++++ Available data
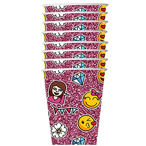 -. Feature : Girl Emoji with Faux Pink Sparkles Birthday Party Tableware Kit for 16 Guests / (16) 7 Inch (17.7cm) Paper Plates / (16) 9oz (266ml) Paper Cups / (16) Napkins (6x6in)
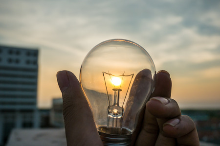 hand holding a light bulb with sunset power, sustainable development. Ecology concept
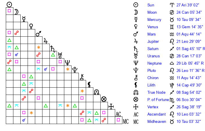 | Moon | 24 Cancer 12 | 19 Sagittarius 7 | 0 Aquarius 43 |
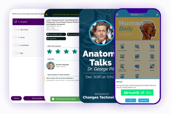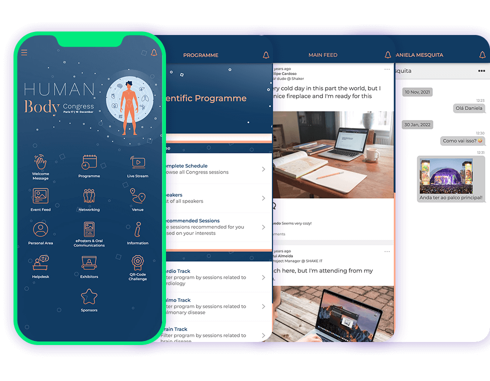 Apps that really look and feel like your event. We take care of all graphics, and you can count on a Project Manager from SHAKE IT to build the App and guide you through your decisions.
++++++++
What you have to do — Look above for the line holding "hand holding a" and output everything from it down to the line holding "Aquarius 43 |", both ends included, exactly and without images.

Problem solution —
 hand holding a light bulb with sunset power, sustainable development. Ecology concept
 | Moon | 24 Cancer 12 | 19 Sagittarius 7 | 0 Aquarius 43 |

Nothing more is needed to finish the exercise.